Work instruction> Write out an exact copy of the line containing "- Children shared" and all lines that follow it in the data below, leaving out pictures.
[Exercise data]
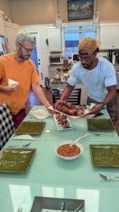 Robby and Cam serving jalapeño poppers and BBQ ribs for dinner...yum!
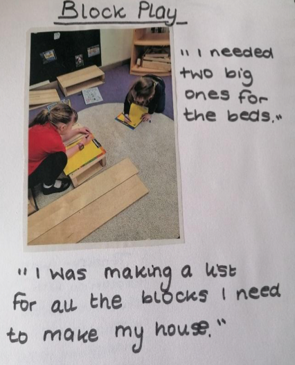 - Children shared record keeping in a floor book dedicated to block play. This encouraged discussion and reflection on learning.
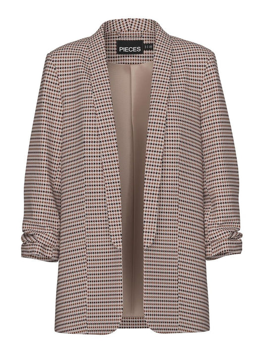 BOSELLA 3/4 PRINTED BLAZER - Silver Mink/Houndstooth
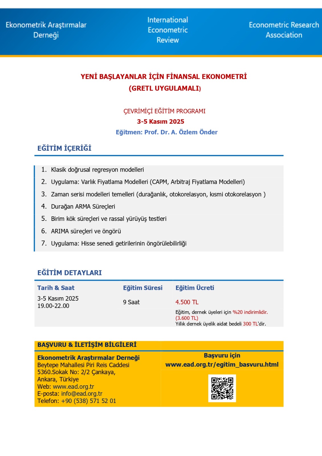 Yeni Başlayanlar için Finansal Ekonometri (GRETL Uygulamalı)
[/Exercise data]
Response area>
 - Children shared record keeping in a floor book dedicated to block play. This encouraged discussion and reflection on learning.
 BOSELLA 3/4 PRINTED BLAZER - Silver Mink/Houndstooth
 Yeni Başlayanlar için Finansal Ekonometri (GRETL Uygulamalı)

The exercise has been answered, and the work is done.